Food worth almost 200 billion yuan ($32.6 billion) is discarded from Chinese dining tables every year, according to an official government survey released in 2014.
Managers at some higher-end restaurants say food wastage is less frequent. Feast, in the East Beijing Hotel, provides guests with a semi-buffet style lunch, dinner and weekend brunch. “Based on our observation, there are still roughly three to five guests who waste food on a monthly basis,” Ji Angelina, a senior operations manager says.
People at buffets try to eat as much food as they can to get the most value for the money paid, Ji says. Often, “their eyes are bigger than their stomachs” and they order more food than they can finish, she adds.
Many restaurants are finding ways to control the flow of “all you can eat” food, to limit waste, save restaurant costs and protect customers from unhealthy overeating.
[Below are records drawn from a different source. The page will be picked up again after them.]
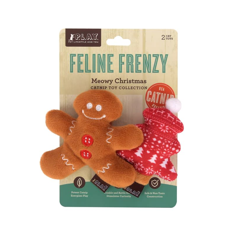 Alegra las fiestas de tu gato con el juego de juguete navideño PLAY JUGUETE FELINE FRENZY MEOWY CHRISTMAS. Estas delicias de hierba gatera orgánica certificadas por el USDA tienen formas festivas, hierba gatera orgánica y texturas irresistibles para horas de juego alegre.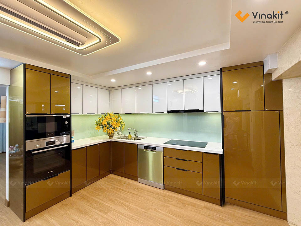Chị chọn mẫu tủ bếp inox cánh kính màu nâu ánh kim kết hợp trắng ngọc trai, phối cùng nền gỗ sáng và kính ốp tường xanh mint dịu mắt – tạo nên một không gian bếp hiện đại, sang trọng và ấm cúng.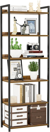 NUMENN Bookshelf, 6 Tier Bookshelves, Home Office Bookcase Shelf Storage Organizer, Free Standing Storage Shelving Unit for Bedroom, Living Room and Home Office, Vintage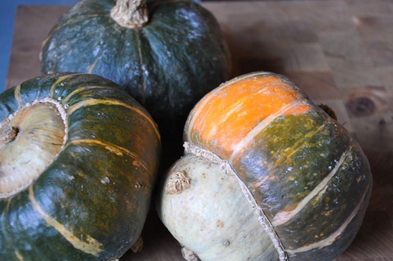 (C. maxima) Storage type. When it is baked it has golden melt-in-your-mouth pudding-like flesh and green skin. Round with small gray “button” on the end of the fruit. 5-6 in. diameter.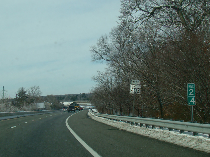 RI 403 continues west to end at the Colonel Rodman Highway (RI 4). Bear left to go south or right to go north toward I-95.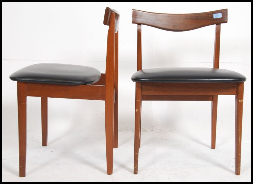 A set of 4 1970's teak and faux leather Danish influence ' propeller ' back dining chairs being raised on shaped legs with black vinyl seat pads. Measures: 69cms high x 49cms wide x 47cms deep.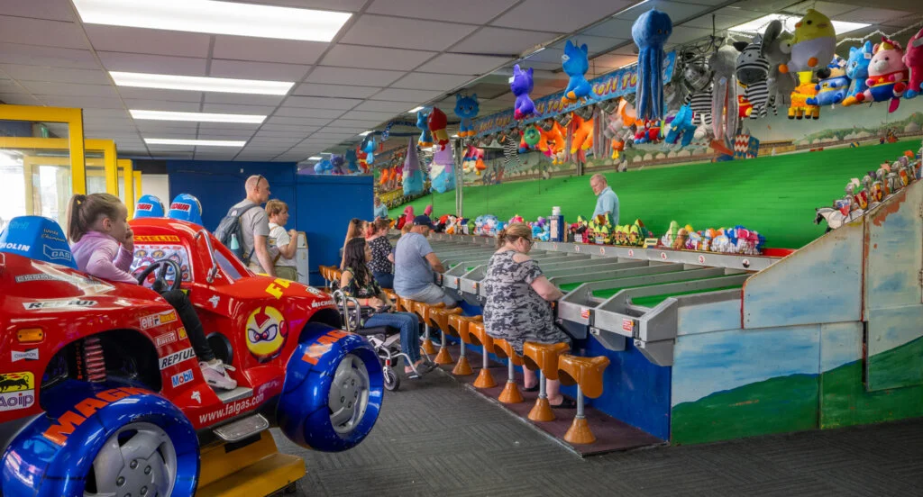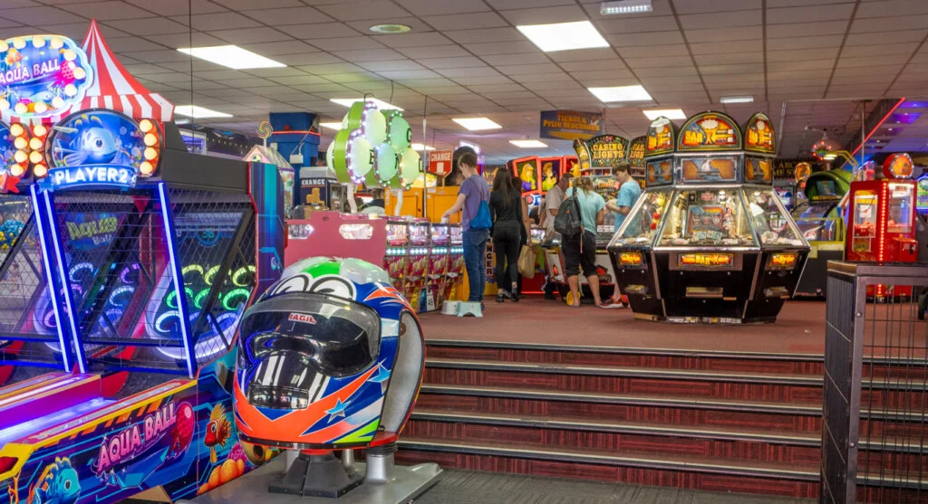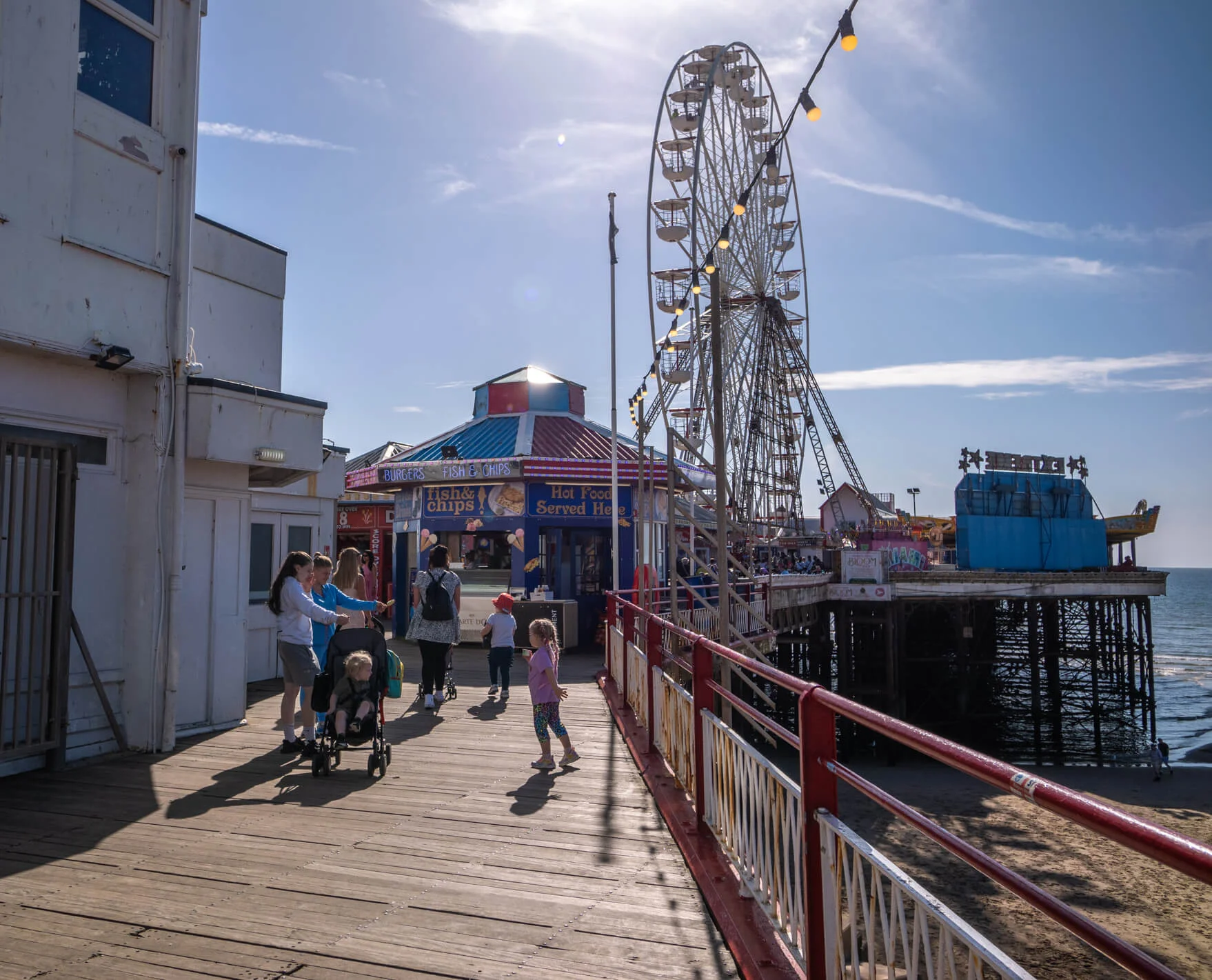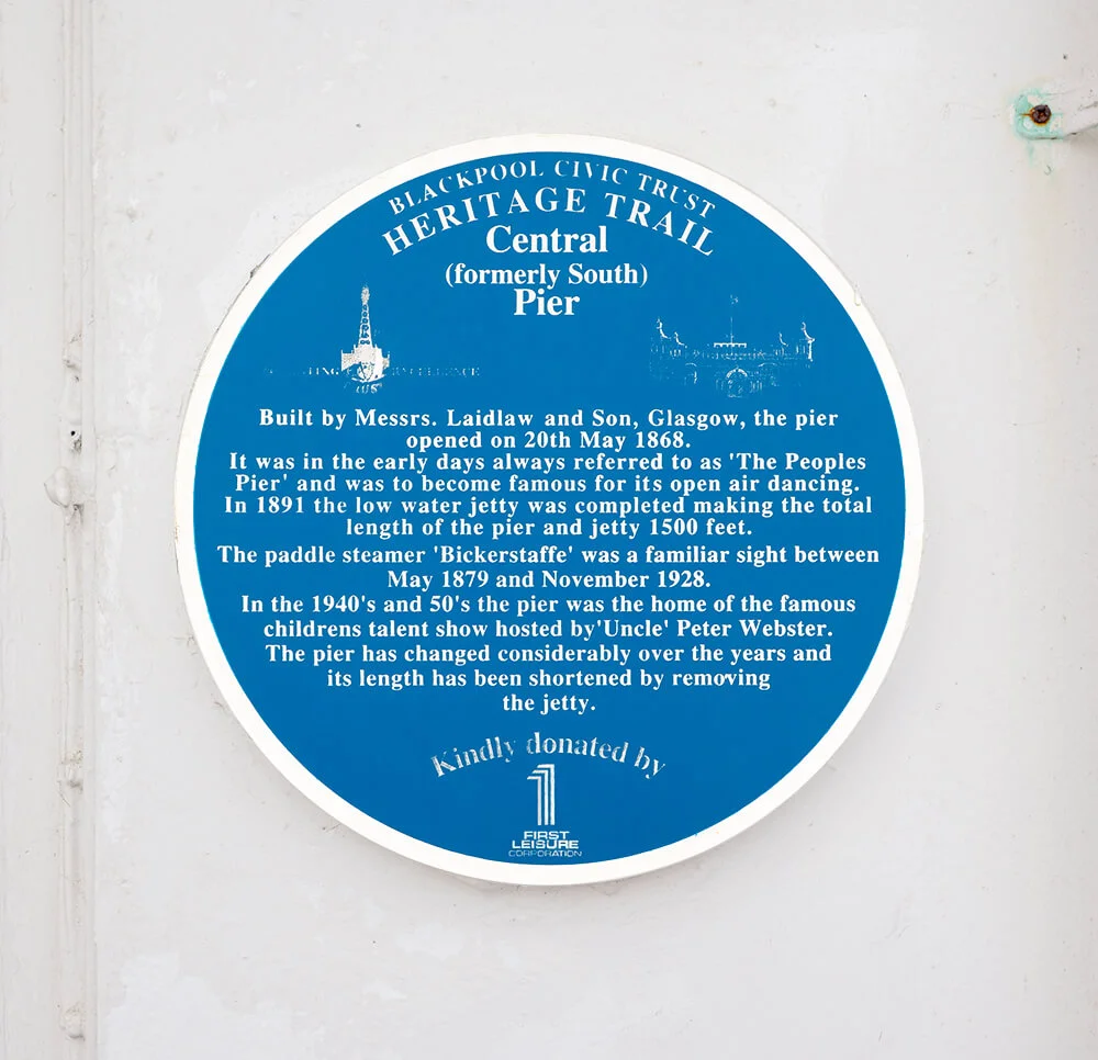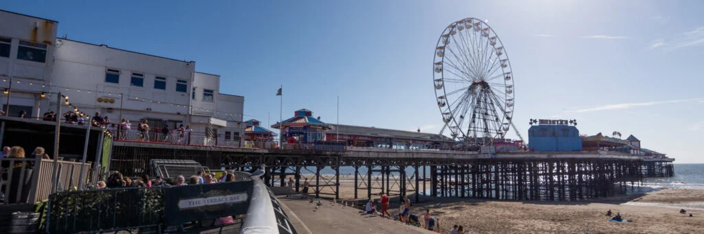 From the start, Central Pier focused on fun rather than the more relaxed atmosphere of North Pier. Early on, it offered dancing facilities, and later, in the 20th century, roller skating, fairground rides, and amusement machines were added. Steamboat excursions also left from the jetty. After World War II, the dance halls became less popular, and by the 1970s, the pier had been transformed into a theatre, bars, and amusement arcades. In 1986, the pierhead theatre was updated and renamed “Peggy Sue’s Showboat”. A significant addition came in 1990 with a 33-metre-high (108 ft) Ferris wheel, which was a modern version of a Victorian attraction that had once been part of the Winter Gardens.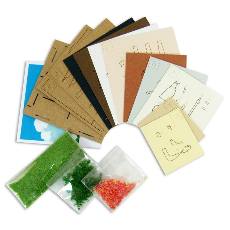 ■セット内容:レーザーシートA〜K(11枚)、ベース(1枚)、印刷シート(1枚)、スポンジ、パウダー、色砂、組立て説明書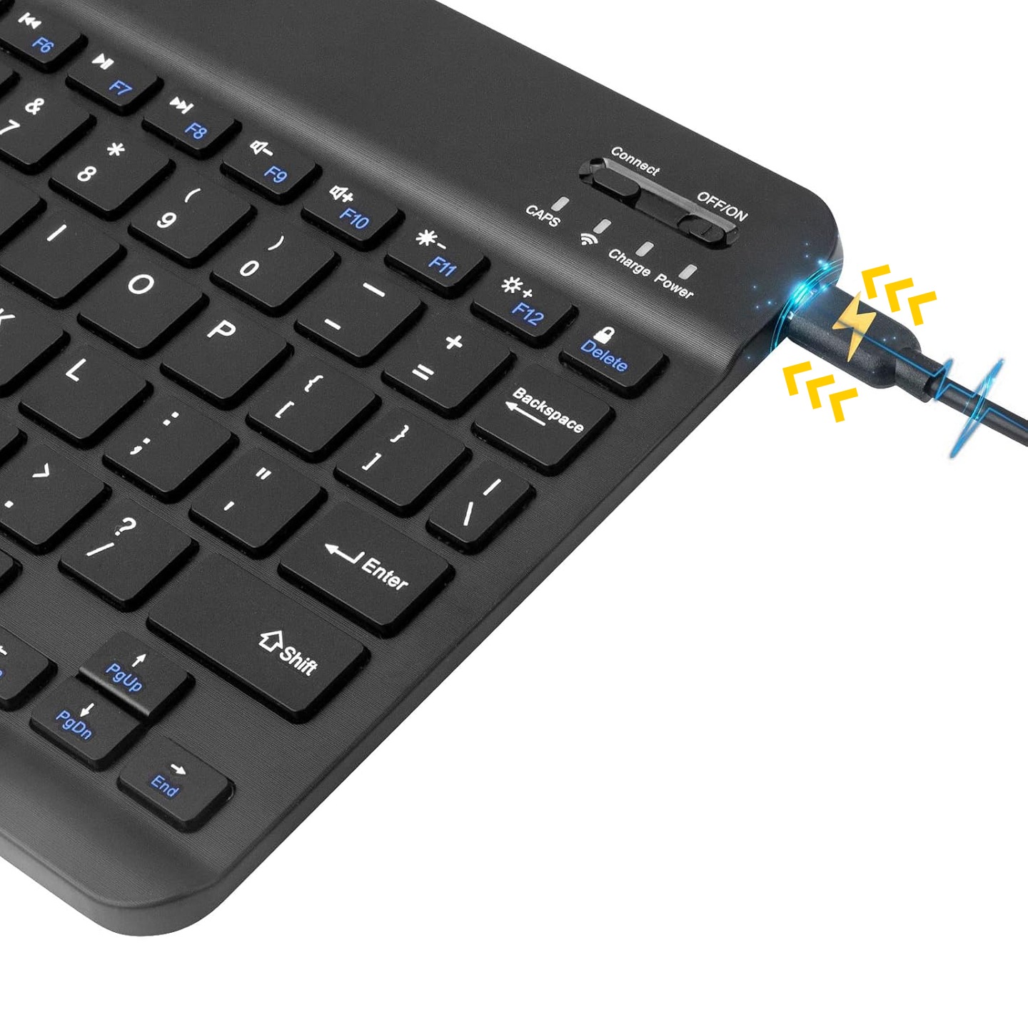 Klávesnica je vybavená moderným portom USB-C, vďaka čomu je nabíjanie rýchle, jednoduché a kompatibilné s najpopulárnejšími nabíjačkami na trhu.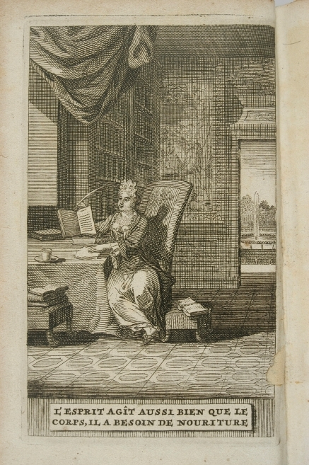 Grafika przedstawia wnętrze izby. Na środku stół i krzesło na którym siedzi mężczyzna, pod nogami ma skórę z lisa. Na ścianie wiszą obrazy. Głębiej widać łóżko z baldachimem. Na zewnątrz, nad grafiką herb, naokoło kompozycji symbole bitwy. Jest to Jan Chryzostom Pasek spisujący wspomnienia.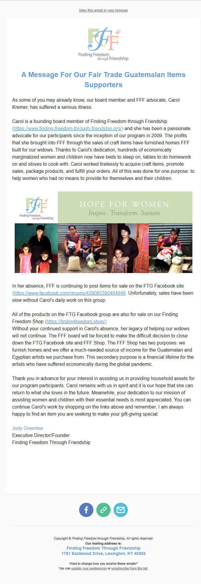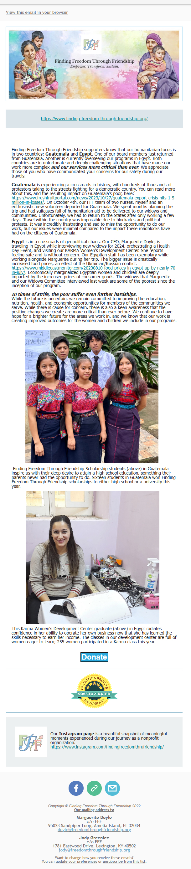 Blog (Guatemala): https://www.freedomthroughfriendship.org/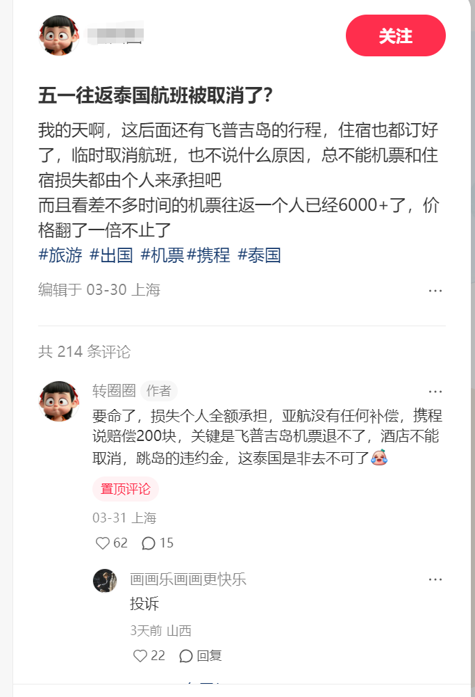 OCR:关注 五一往返泰国航班被取消了? 我的天啊,这后面还有飞普吉岛的行程,住宿也都订好 了,临时取消航班,也不说什么原因,总不能机票和住 宿损失都由个人来承担吧 而且看差不多时间的机票往返一个人已经6000+了,价 格翻了一倍不止了 #旅游#出国#机票#携程#泰国 编辑于03-30上海 共214条评论 转圈圈作者 要命了,损失个人全额承担,亚航没有任何补偿,携程 说赔偿200块,关键是飞普吉岛机票退不了,酒店不能 取消,跳岛的违约金,这泰国是非去不可了 置顶评论 03-31上海 62 O15 画画乐画画更快乐 投诉 3天前山西 22回复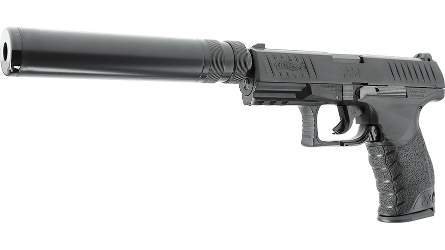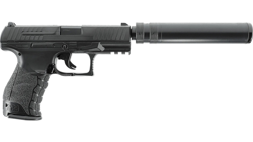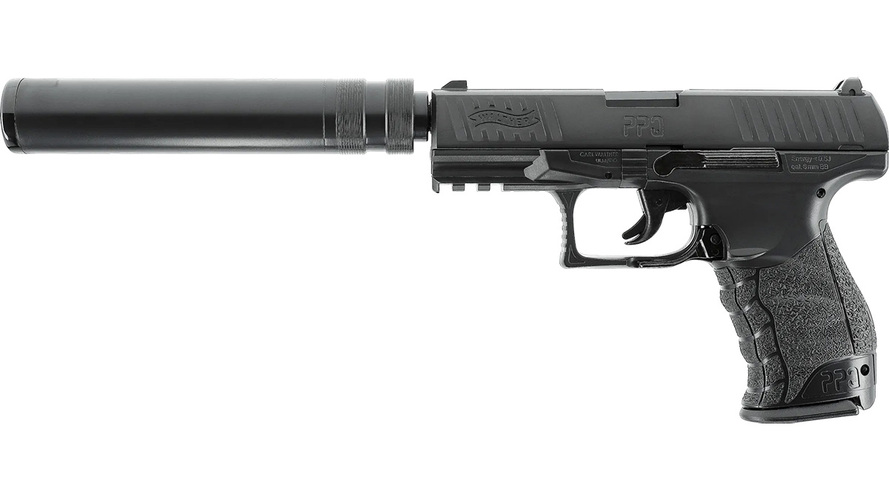 Fjäderdriven Airsoft-version av Walther Duty Pistol med mantel i polymer, avtagbar ljuddämparattrapp, Heavy- och HiCap-magasin (14 / 100 skott)

At the “infinity brunch” at Beijing’s Agua restaurant, for example, instead of helping themselves from an open buffet, diners are invited to choose three courses from the brunch menu, then order more if they are still hungry.
In Xi’an, Shaanxi province, the Golden Hans buffet franchise has similarly tried to deliver food to tables gradually.
“The loss of wasted food could reach at least 50,000 yuan ($8,100) per year in my restaurant,” says Fan Li, a senior manager of Gold Hans. “So we try to eliminate waste any way we can.”
Some hotel chefs put less food out on each buffet platter to discourage patrons from taking big helpings all at once, but they restock the platters continuously.
“A host shows hospitality by honoring his guests with lots of food choices, tastes, colors that are served on special occasions, says Elie Houbeich, food-and-beverage director at the Westin Beijing Financial Center, which recently promoted an expanded “Retrolicious” brunch on Sundays. “Less food does not give a good impression.”
His colleague Virginia Yu agrees: “‘Lots of food looks nice’ really was the culture in China for older people since they had suffered hunger.” Today, young and better-educated people have this sense that excess can be wasteful, she adds.
East Beijing hotel has adopted smaller dessert portions, which also allows guests more choices at its semi-buffets, though customers can always get a second portion. “In this way, guests can try different types of cakes without wasting too much,” Ji says.
Brunches don’t allow takeaway, but customers at a la carte dinners are encouraged to take packaged leftovers home at more and more restaurants.
The best way to control waste, the Westin’s Houbeich says, is to educate and create awareness through social media by showing the impact of food wastage and contrasting this with the people who are suffering from hunger. This can create a better understanding and can drive change.
One such campaign is the UN’s “Think, Eat, Save”, which aims to reduce food loss and waste along the entire chain of food production and consumption, according to the program’s website.
Such subtle approaches continue to be more common that punitive actions like withholding deposits for wasting foods or even making waste a crime, which was proposed by China’s best-known agriculture scientist Yuan Longping.
“Our country has such a huge population and the arable land is very small if it is divided for each Chinese individual,” Yuan, known as “the Father of Hybrid Rice” by Chinese media, told China Central Television in 2013. “For years we agricultural scientists have been toiling to achieve an increase of 2.5 or 5 kilograms to the harvest of each mu (0.06 hectare) of rice, but after the food was increased, people wasted it,” he says. “I am proposing that the government make (regulations and policies) to encourage people to despise the waste of food and to treat it like a crime.”
An extensive circular released by the Communist Party of China in 2014 declared that food waste remains rampant due to ostentatious lifestyles and lack of supervision, and outlined measures prohibiting too much money being spent on food among officials. Government departments, organizations and State-owned enterprises must now publicize the amount they spend on dining for public supervision, Xinhua reports.